In the spawning process, the sterilized grains are mixed with water and chalk. Then the mixture is added to the compost along with a bit of mycelium in regular intervals. After mixing the compost, a temperature of 75° should be maintained. This temperature will help in maintaining the moisture content of the compost. This process of growing mycelium in the organic material for about 14 to 21 days is called spawning. Maintaining the ideal temperature and moisture content at the final stages of the spawning will maintain the mycelia growth. The rate of spawning varies based on the weight of the spawn and compost and by maintaining the temperature; it is possible to reduce the time taken for spawning.
Step 4: Casing
After making the spawn it should be packed in such a way that supports mushroom growth. This process is called casing and it is done using clay loam field soil, ground limestone along with a mixture of peat moss. This casing allows the formation of rhizomorphs inside the compost which is responsible for the mushroom growth. After casing there is a possibility of harmful species and pathogens to develop inside the casing. With the help of pasteurization it is possible to eliminate these harmful species. The moisture content inside the casing is the key to mushroom growth. Maintaining the moisture by spraying water at regular intervals is important. The next factor to be considered is the temperature of the casing. For the initial period of casing the temperature should not increase more than 75°.
Step 5: Pinning
After casing is done, one can find the sprouts of initial mushroom grown over the rhizomorphs. They are extremely small but can be seen as outgrowths on the compost. Once the mushroom grows four times its initial size, they are called pins. Then the pin starts to expand and becomes larger after a particular period. After casing and the initial growth of pin, it will take around 18 to 21 days for the mushroom to develop completely. With the 0.8 percent of decrease in the carbon dioxide level, the pinning normally develops. Exposure to fresh air in the atmosphere will help in reducing the carbon dioxide content. By reducing the effect of pinning, the quality of the mushroom will increase considerably. It also helps in reducing the number of days to start harvesting.
Step 6: Cropping
Cropping is the final step involved in mushroom cultivation. This cropping process will take 3 to 5 days in the harvest period. Cropping is done in a periodic manner in the harvesting days. The mushrooms will start to form after the cropping period. Harvesting days varies based on the mushroom type and other related conditions. It may range from 35 to 42 days and in some cases the harvest can reach up to 150 days.
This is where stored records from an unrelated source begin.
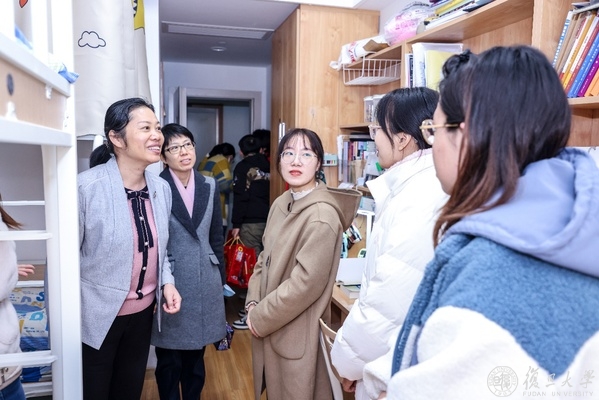 12月30日,校党委常务副书记裘新、校党委副书记尹冬梅一同走访了邯郸校区北苑学生生活园区和本部宿舍楼,看望研究生和本科生学生代表。在走访慰问过程中,裘书记细致地询问了同学们的学习和生活情况,就居住环境、室友关系、学业进展、生涯规划等和同学们进行了亲切交流,还幽默风趣地分享了自己当年在复旦求学时的寝室趣事,勉励大家一定要珍惜在学校读书时的美好时光,踏实努力,勤奋向学,不负韶华。裘书记还走访了解了书院公共空间的建设和使用情况,叮嘱一定要管好用好公共空间,为同学们的综合发展服务和助力。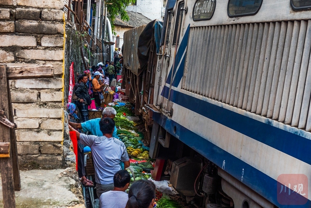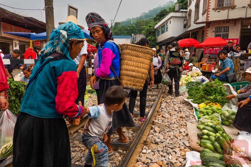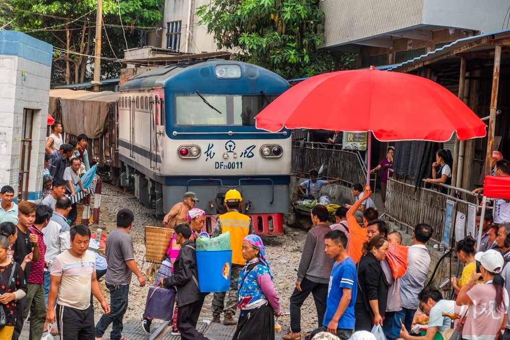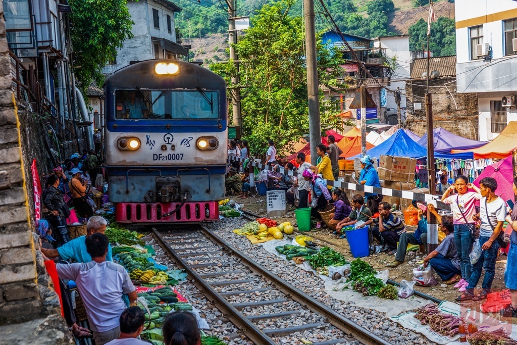 拍摄攻略:每周一的原生态赶集日,苗族群众身着艳服饰在铁路两侧交易,火车经过时避让的独特场景。拍摄技巧:提前1小时到场蹲守,用高速快门抓拍避让瞬间;中焦镜头记录交易神态、蔬果摊位的色彩层次,融入铁路轨道线条。最佳时段:上午9点前(集市热闹),关注9:30-10:30火车经过时段。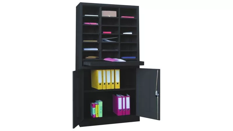 1. 3x6 rekeszes, csuklós ajtós szekrény, ral 7035/5010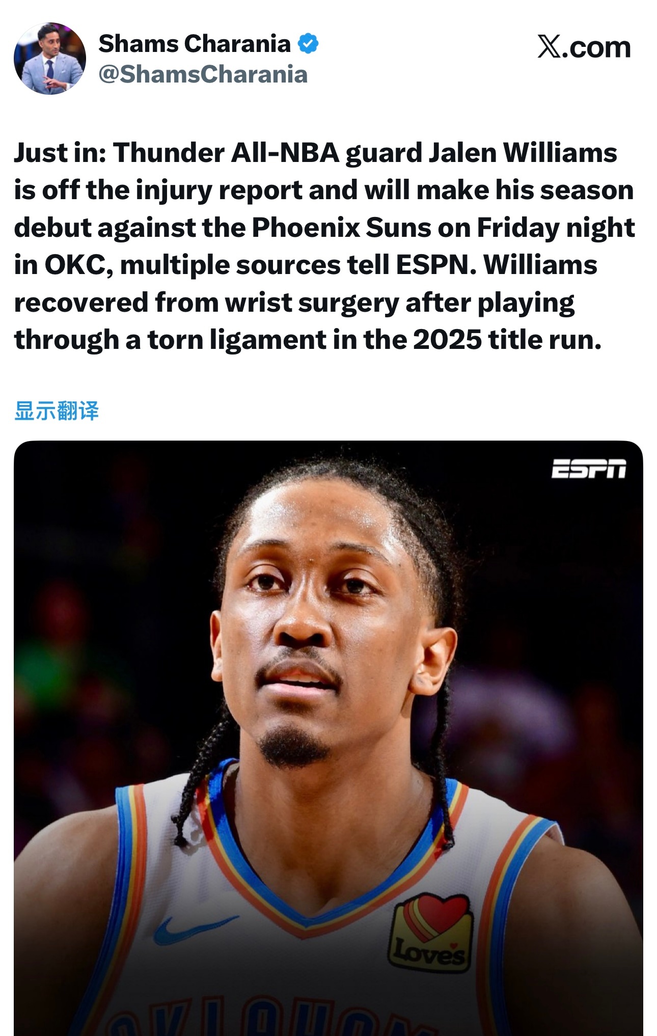 西部第一雷霆即将迎来完全体,杰伦·威廉姆斯明天对阵太阳迎自己赛季首秀。

Temperature and moisture level plays an important role in each stage. In this final stage of cropping, a temperature of 57° to 62° should be maintained throughout the cycle. Maintaining the temperature will benefit us in many ways. It reduces the effect of harmful species and pathogens that can develop in the final stage and also helps in yielding better results. After completing the production cycle, it is important to protect the mushroom growing area from pathogens and pests. Pasteurization will stop spreading these harmful species to the next production cycle. The total yield depends on the temperature, humidity, most importantly pests and so on.